Dr. Jamie Pearce is Professor of Health Geography at the University of Edinburgh, UK where he is co-Director of the Centre for Research on Environment Society and Health (CRESH), and Director of the Scottish Graduate School for Social Science. Professor Pearce’s research seeks to understand various social, political and environmental mechanisms operating at a range of geographical scales that establish and perpetuate spatial inequalities in health over the lifecourse. He is Editor-in-Chief of the international journal Health and Place, and founding co- is Editor-in-Chief of the recently established journal Wellbeing, Space & Society.
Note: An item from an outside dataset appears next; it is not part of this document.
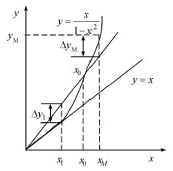 这是电容相对增量与极距相对增量之间的关系方程式。若采用线性特性方程y =x,如图4所示,显然其线性误差较大。为此可采用线性特性方程y=(1+ε)x,并使其在最大量程xM 处产生的正误差ΔyM 及其x1在处产生的负误差Δy1在数值上相等,即: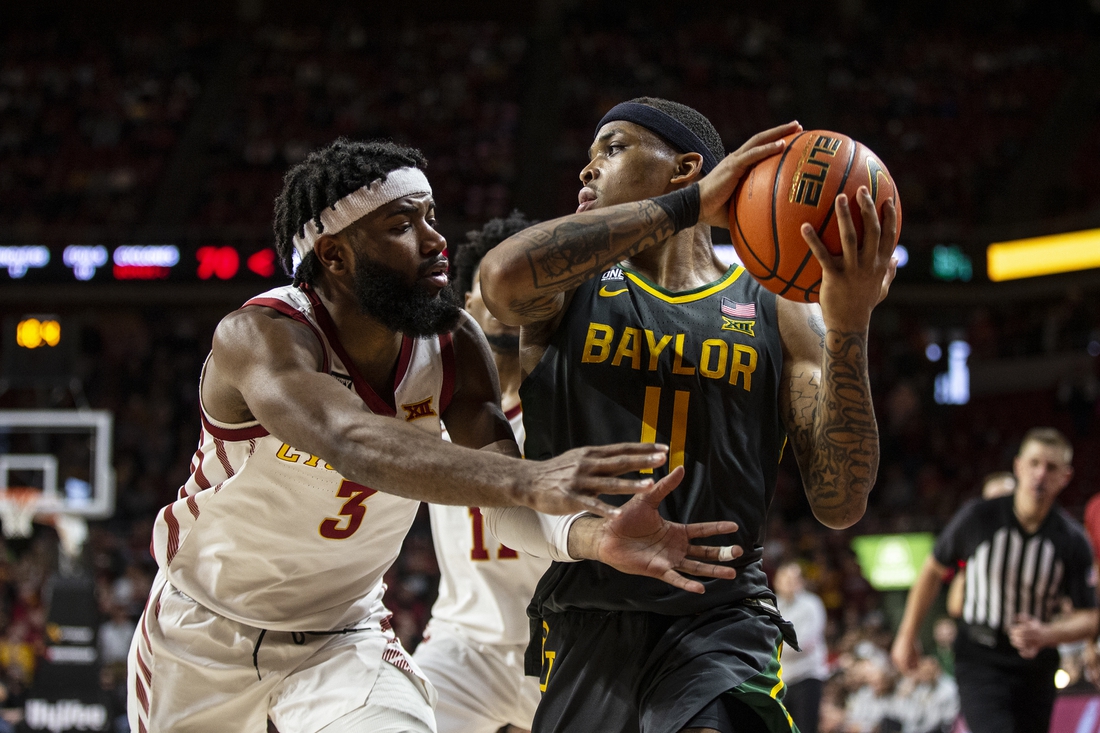 James Akinjo scored 16 points on 6-of-12 shooting, and No. 1 Baylor held on for a 77-72 win over No. 8 Iowa State in a Big 12 matchup Saturday afternoon in Ames, Iowa.

Dr. Janey Messina is a jointly appointed Associate Professor in the School of Geography and the Environment and the Oxford School of Global and Area Studies at the University of Oxford. She is also a Co-Director of the Oxford Martin Programme on Pandemic Genomics. She is a quantitative geographer by training, with a background in health geography and spatial epidemiology of infectious diseases. She has previously led spatial epidemiology research in Oxford's Department of Zoology, and served as secretariat to the Rockefeller Foundtion Economic Council on Planetary Health.This volume provides a critical response to the COVID-19 pandemic showcasing the full range of issues and perspectives that the discipline of geography can expose and bring to the table, not only to this specific event, but to others like it that might occur in future. Comprised of almost 60 short (2500 word) easy to read chapters, the collection provides numerous theoretical, empirical and methodological entry points to understanding the ways in which space, place and other geographical phenomenon are implicated in the crisis.
Although falling under a health geography book series, the book explores the centrality and importance of a full range of biological, material, social, cultural, economic, urban, rural and other geographies. Hence the book bridges fields of study and sub-disciplines that are often regarded as separate worlds, demonstrating the potential for future collaboration and cross-disciplinary inquiry. Indeed book articulates a diverse but ultimately fulsome and multiscalar geographical approach to the major health challenge of our time, bringing different types of scholarship together with common purpose.
The intended audience ranges from senior undergraduate students and graduate students to professional academics in geography and a host of related disciplines. These scholars might be interested in COVID-19 specifically or in the book’s broad disciplinary approach to infectious disease more generally. The book will also be helpful to policy-makers at various levels in formulating responses, and to general readers interested in learning about the COVID-19 crisis.